EXERCISE AIM: Please give the whole listing again word for word, and drop any pictures it holds.

MATERIAL PROVIDED:
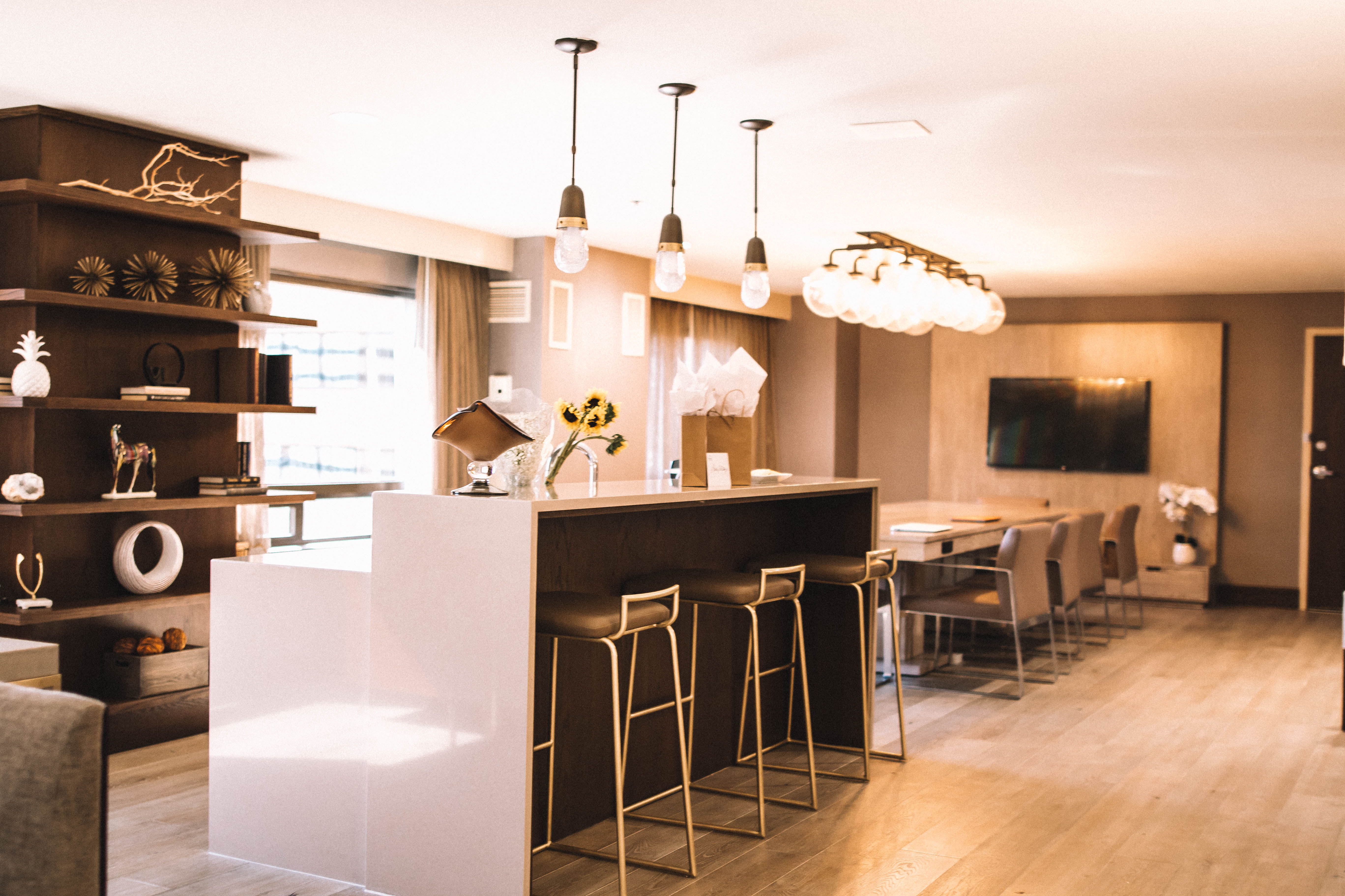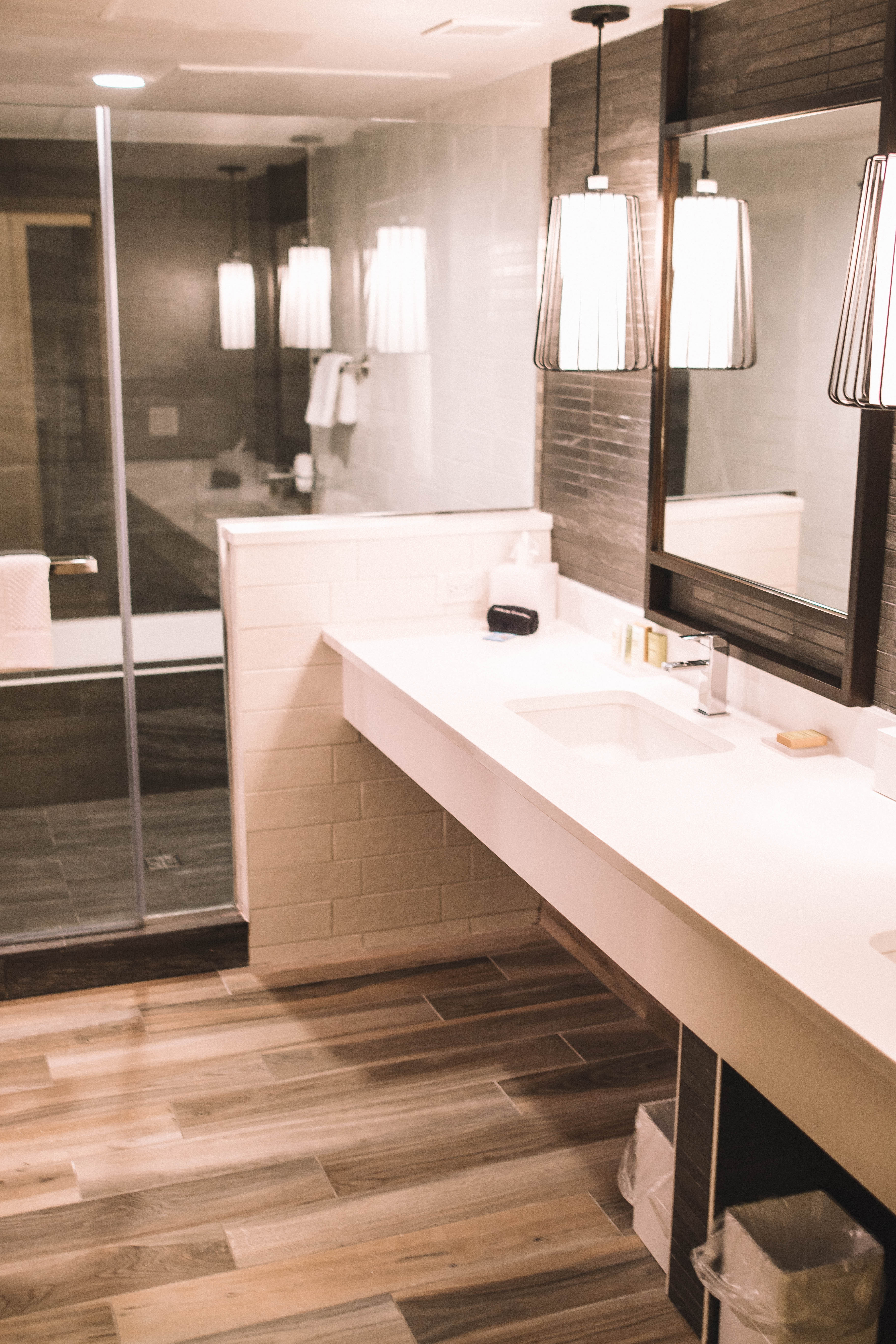 After a quick and easy check in, Willie the bellman took our luggage to our we found out that they Hilton upgraded us to the Presidential suite! We had no idea what that actually meant until we took our first steps into our room.  We about DIED.  The suite was absolutely stunning and quite honestly bigger than my first apartment.  Hilton does not mess around.  There was a full kitchen, conference space with a large table and TV, a spacious living room with a large section and fireplace, TWO rooms, three bathrooms, three Keurigs. The master bath had a bathtub INSIDE the shower! I felt like we won the jackpot!  Every space in this suite was intentional and taken full advantage of.  We loved how many difference nooks there were in the Presidential suite where we could work.
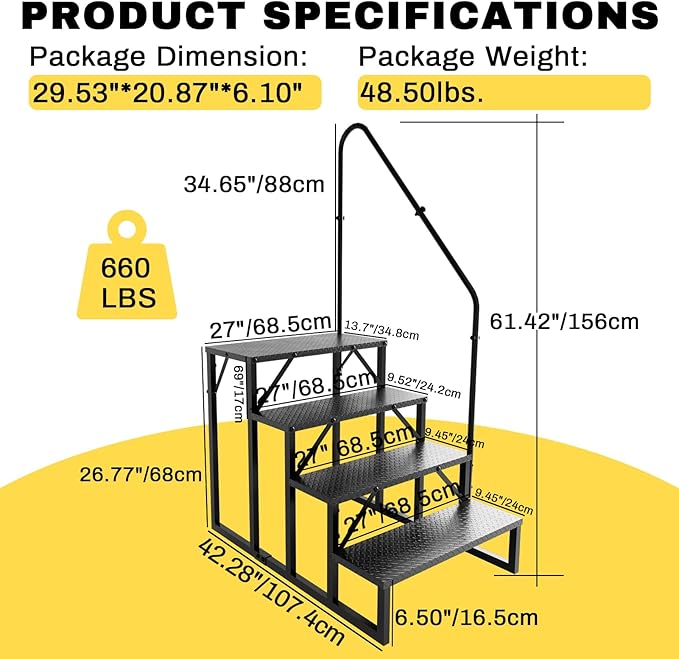 - 660lbs Weight Capacity: Our porch steps can hold up to 660 pounds, providing great stability for adults and heavy loads, so you can step with confidence. These steps utilize triangular bars for enhanced stability, minimizing sway and reducing the risk of accidents.
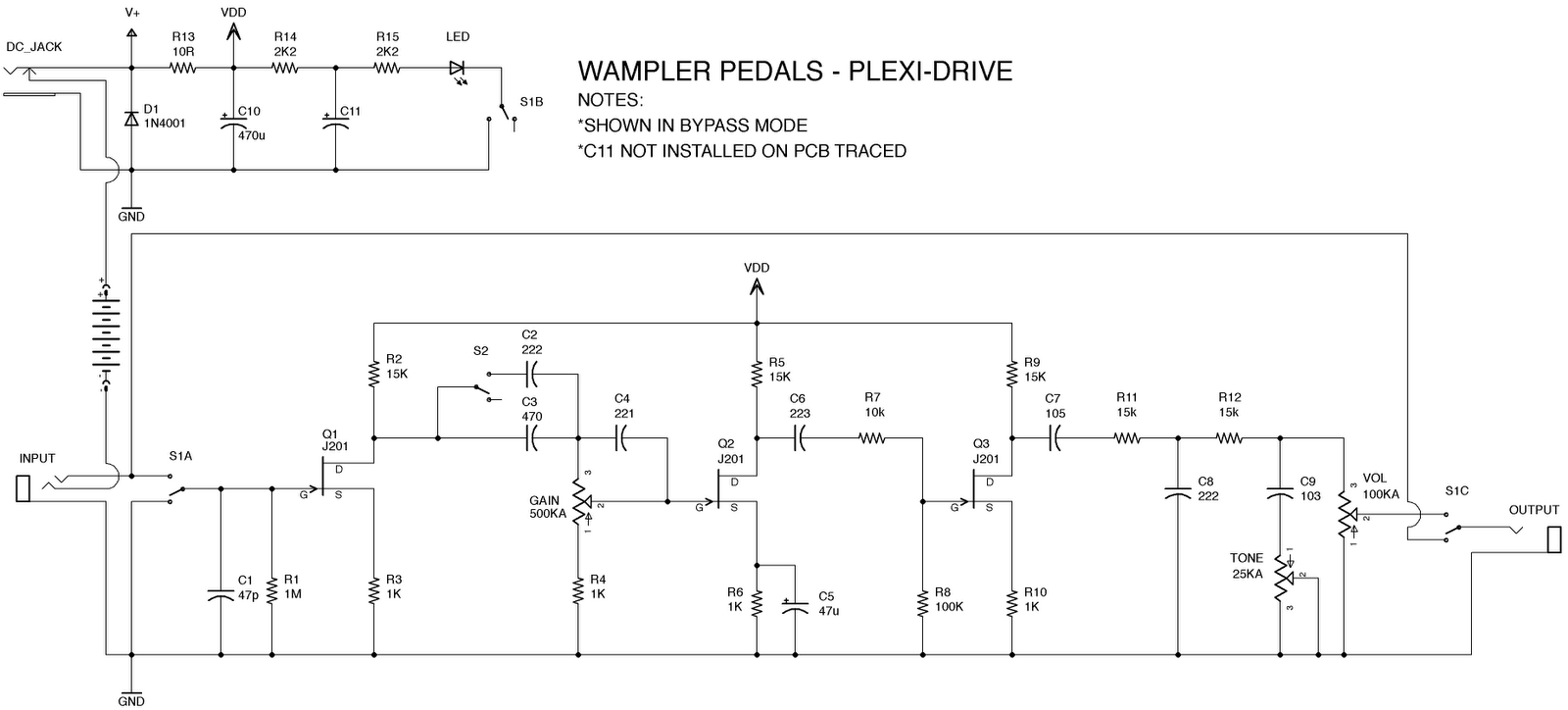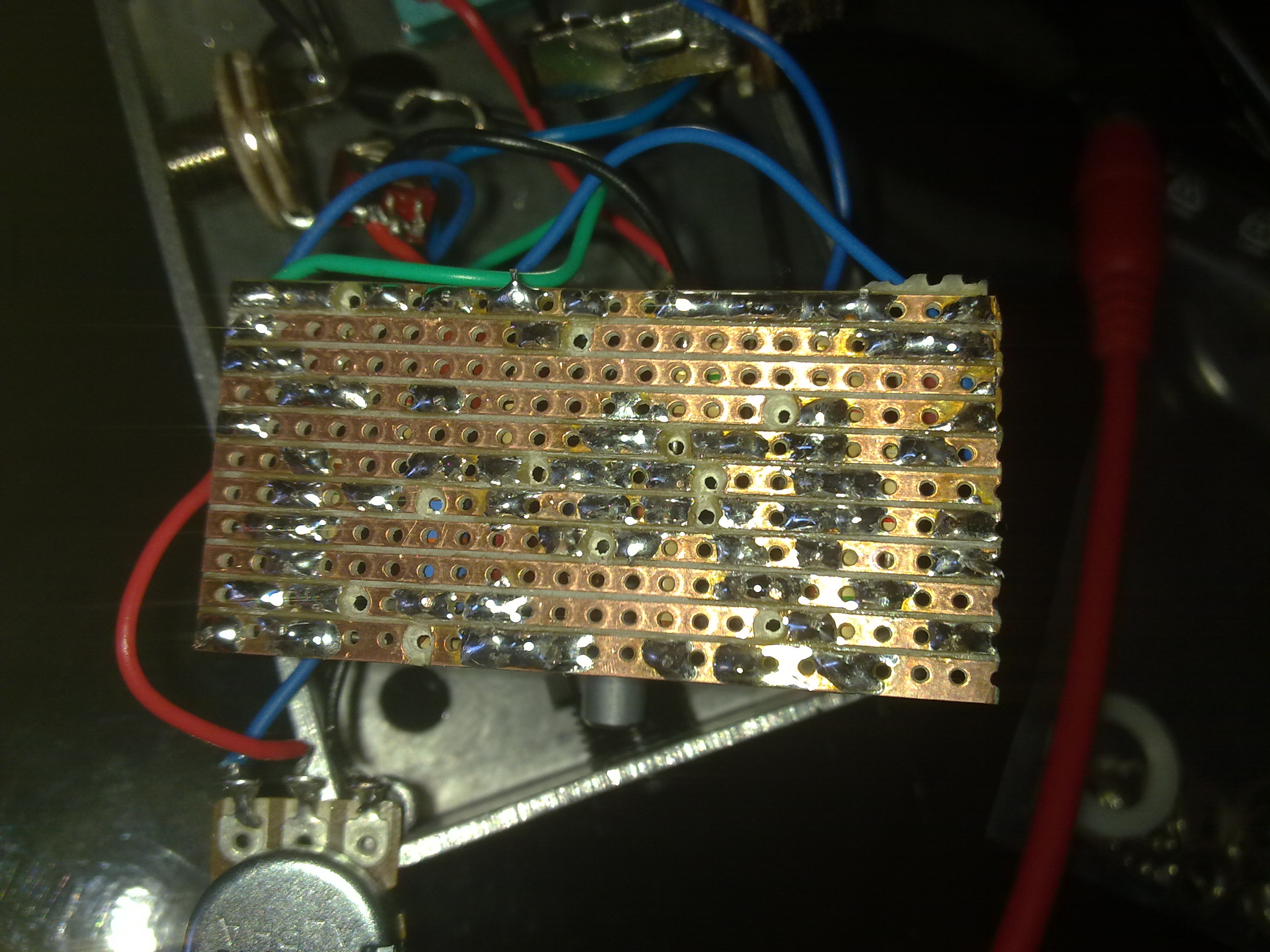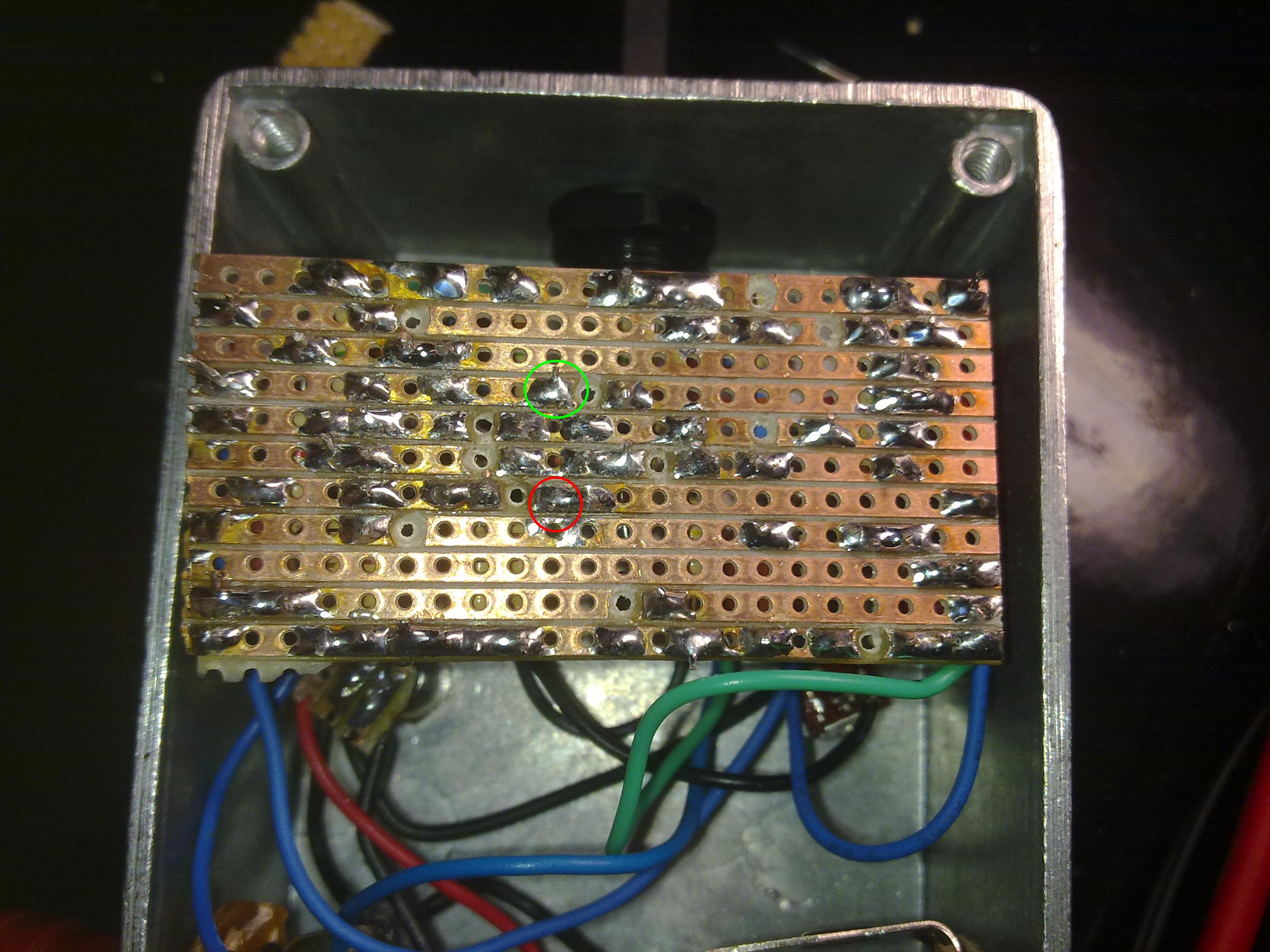 Vi allego foto della basetta, non mi sembra ci siano ponti tra le piste. Con l'audio probe il segnale esce dal primo j201 inalterato, e si ferma attraversando il condensatore da 220p cerchiato nella foto, o meglio entra ma non esce. Tra l'altro sulla pista in cui è questo condensatore il segnale si sente solo se il pot del gain non è a zero o al massimo, adesso non ricordo bene

ANSWER TO THIS TASK:
 After a quick and easy check in, Willie the bellman took our luggage to our we found out that they Hilton upgraded us to the Presidential suite! We had no idea what that actually meant until we took our first steps into our room.  We about DIED.  The suite was absolutely stunning and quite honestly bigger than my first apartment.  Hilton does not mess around.  There was a full kitchen, conference space with a large table and TV, a spacious living room with a large section and fireplace, TWO rooms, three bathrooms, three Keurigs. The master bath had a bathtub INSIDE the shower! I felt like we won the jackpot!  Every space in this suite was intentional and taken full advantage of.  We loved how many difference nooks there were in the Presidential suite where we could work.
 - 660lbs Weight Capacity: Our porch steps can hold up to 660 pounds, providing great stability for adults and heavy loads, so you can step with confidence. These steps utilize triangular bars for enhanced stability, minimizing sway and reducing the risk of accidents.
 Vi allego foto della basetta, non mi sembra ci siano ponti tra le piste. Con l'audio probe il segnale esce dal primo j201 inalterato, e si ferma attraversando il condensatore da 220p cerchiato nella foto, o meglio entra ma non esce. Tra l'altro sulla pista in cui è questo condensatore il segnale si sente solo se il pot del gain non è a zero o al massimo, adesso non ricordo bene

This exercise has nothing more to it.